DJ's Detritus

A Creative Writing Class Dropout's Last Refuge

Wednesday, August 23, 2006

Snap, Cackle, Pop

It ain’t easy being me. I would sometimes like to return to the halcyon days before my blog made me famous. I could just write for fun back then. Now the demands on my time are almost oppressive. Despite exhortations from my #2 reader to document our weekend, he needs to understand that a creative genius needs time. He must think this blog thing is a snap. But as W said eleven times during one of the 2004 presidential debates, “It’s hard work”.

I spent this past weekend up in Murphys, CA, gold country in the Sierra foothills, with #1, #2 and The Belgian. Our families came along as well but we managed to ignore them most of the time. Saturday afternoon the numbers and I did some wine tasting. I tried to impress them with the breadth of my oenological knowledge. When a Viognier was poured, I stated, with an air of insouciance, that it tasted like white wine. #1 spent most of the time schmoozing the winemaker’s brother, who carries the official title of The Winemaker’s Brother. It turns out #1 helped them get a new account in our lovely suburban neck of the woods. I hope that’s good for a few bottles of Zin. Just as we were leaving, The Belgian showed up. That guy has to work on his timing.

We went out to dinner Saturday night, with a couple bottles of red we had picked up on our afternoon tour. The men sat on one side of the table, the women on the other. The women got a little raucous but the guys took it in stride, though after a few stares from the other diners we had to quiet them. Somebody referred to the “cackle” a couple times, I can’t recall who, right before we made them pay for dinner. They’re off on a ladies weekend next month so they’re on their on, which means they’ll probably get kicked out of a few establishments.
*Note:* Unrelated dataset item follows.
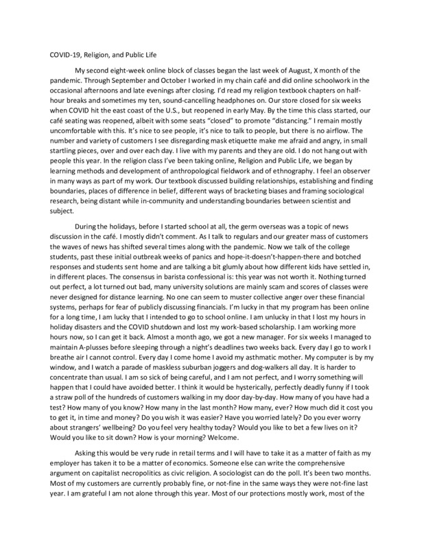 Everyone has gone through wildly different circumstances in the past 6 months, but due to the single same virus. I never thought a virus would be able to shut down the world as we know it within weeks; and in my young life I have taken a valuable lesson from all this: anything can happen at anytime, and to cherish the time you have. With this I don't mean anything in particular, I relate this to people, enjoying going places freely without fear, enjoying being with your family etc... Anything! Different things can happen in an instant, and learning to adapt to them is simply part of life. The time I had alone allowed me to ponder several issues in my life, such as religion; which is why I chose the Religion 101 class this semester. I could not have asked for a non-biased view and will carry lots of the knowledge I learnt into my life. Although I am personally agnostic as of now, I learned through watching others in the pandemic how religion can serve as something very important in providing faith and hope for many, whereas I thought before taking the course religion was a fraud and causes negative outcomes such as war. I have become more understanding on how it can positively benefit entire communities and change individuals lives, and while I continue to be agnostic I completely respect peoples faith's; as it is their personal relationship with their god. At the beginning of the pandemic, I had no idea I would come out on the other side with this perspective, and maybe one day this curiosity will lead me towards a more religious lifestyle, as I feel it gives life a purpose. Without a purpose, a need to do good and inflict positivity in the world, what is life truly for? These are just some of my thoughts at this time thank you Professor Shoemaker!

Our hotel accommodations were stellar. They had a nice little pool that we dominated most of the weekend. The cement pond had a strict no food and beverage policy which we wantonly violated. My family rented the luxury suite, the only one in the place, which became party central. The suite came with a couch that converted into a deformed bed, a mini-fridge and sink. The kids spent a lot of their time there when they weren’t out at the pool or wandering around the town. We even had two TVs. We spare no expense.

We hit the road Sunday, but not before spending a few hours at a local park, which I think my wife may have described as “cute”. There was a stream running through it and some of the kids decided to wade in. There was a big crowd at another section of the park. We later found out that the Governator was due in town that day. We decided to bail out before he arrived to shake babies and kiss hands.

OK, my creative juices are drained so that’s a wrap. It’s time to go pour a pop.